### Data
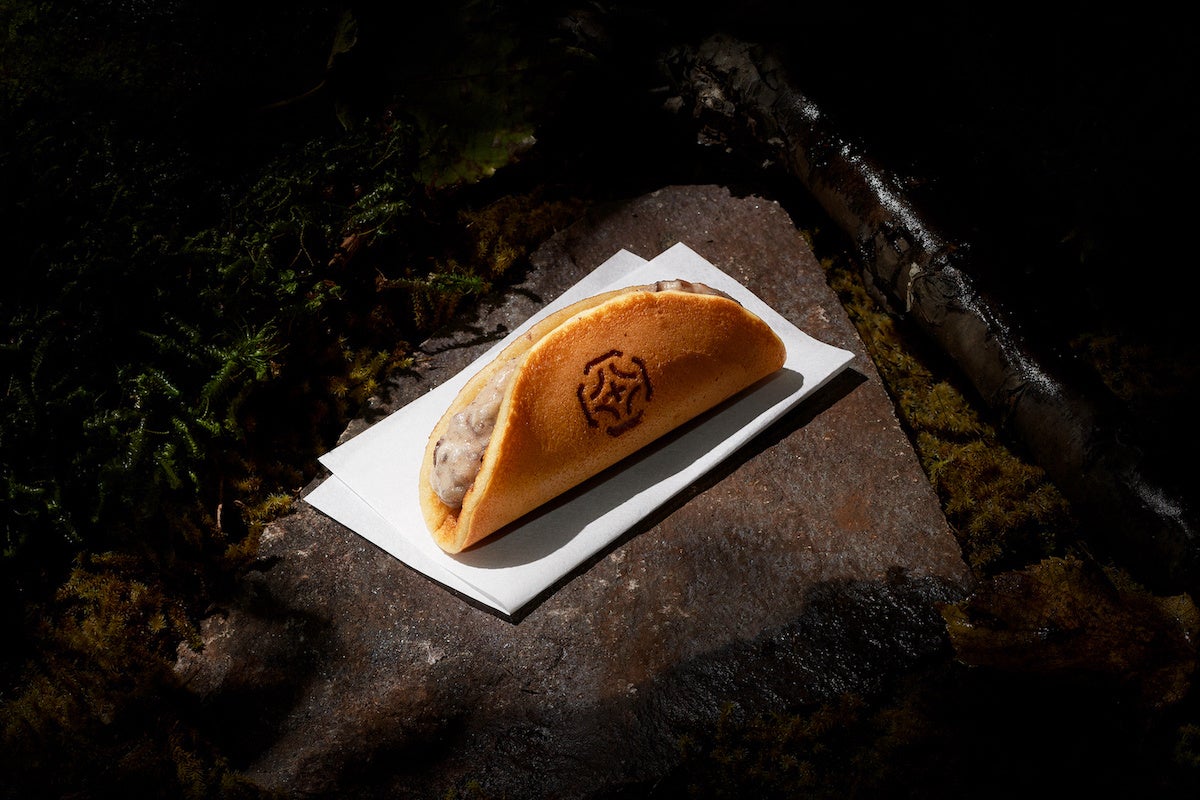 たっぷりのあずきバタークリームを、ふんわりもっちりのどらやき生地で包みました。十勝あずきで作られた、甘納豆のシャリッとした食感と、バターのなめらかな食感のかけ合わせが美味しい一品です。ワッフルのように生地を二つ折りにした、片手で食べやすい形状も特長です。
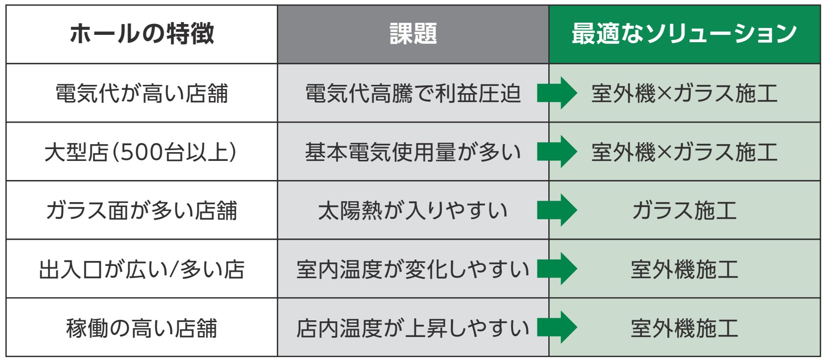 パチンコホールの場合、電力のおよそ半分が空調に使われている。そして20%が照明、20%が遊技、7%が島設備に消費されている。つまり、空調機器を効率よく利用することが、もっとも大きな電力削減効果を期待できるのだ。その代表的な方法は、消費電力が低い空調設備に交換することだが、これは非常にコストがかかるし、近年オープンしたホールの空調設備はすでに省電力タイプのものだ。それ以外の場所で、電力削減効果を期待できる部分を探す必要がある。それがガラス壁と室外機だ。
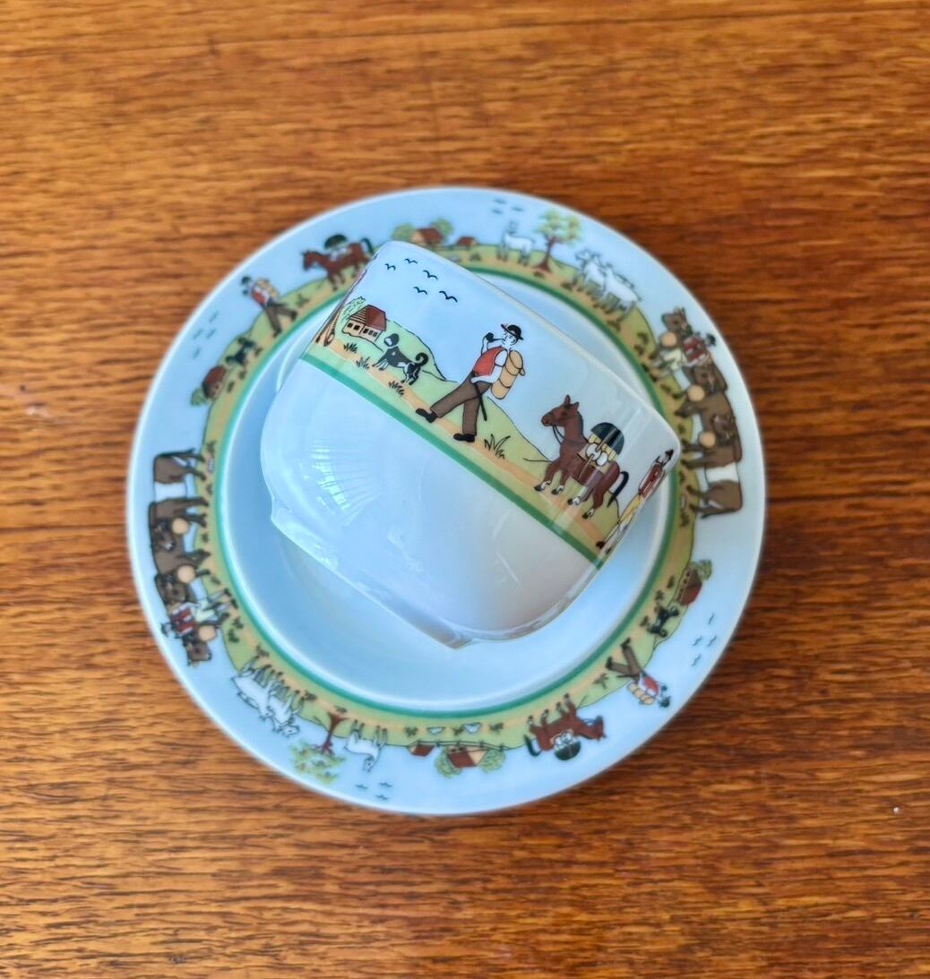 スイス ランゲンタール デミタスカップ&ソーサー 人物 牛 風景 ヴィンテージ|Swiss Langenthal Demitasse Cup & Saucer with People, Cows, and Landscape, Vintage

### Task directions
Repeat the listing word for word. Leave images out.

### Result of the task
 たっぷりのあずきバタークリームを、ふんわりもっちりのどらやき生地で包みました。十勝あずきで作られた、甘納豆のシャリッとした食感と、バターのなめらかな食感のかけ合わせが美味しい一品です。ワッフルのように生地を二つ折りにした、片手で食べやすい形状も特長です。
 パチンコホールの場合、電力のおよそ半分が空調に使われている。そして20%が照明、20%が遊技、7%が島設備に消費されている。つまり、空調機器を効率よく利用することが、もっとも大きな電力削減効果を期待できるのだ。その代表的な方法は、消費電力が低い空調設備に交換することだが、これは非常にコストがかかるし、近年オープンしたホールの空調設備はすでに省電力タイプのものだ。それ以外の場所で、電力削減効果を期待できる部分を探す必要がある。それがガラス壁と室外機だ。
 スイス ランゲンタール デミタスカップ&ソーサー 人物 牛 風景 ヴィンテージ|Swiss Langenthal Demitasse Cup & Saucer with People, Cows, and Landscape, Vintage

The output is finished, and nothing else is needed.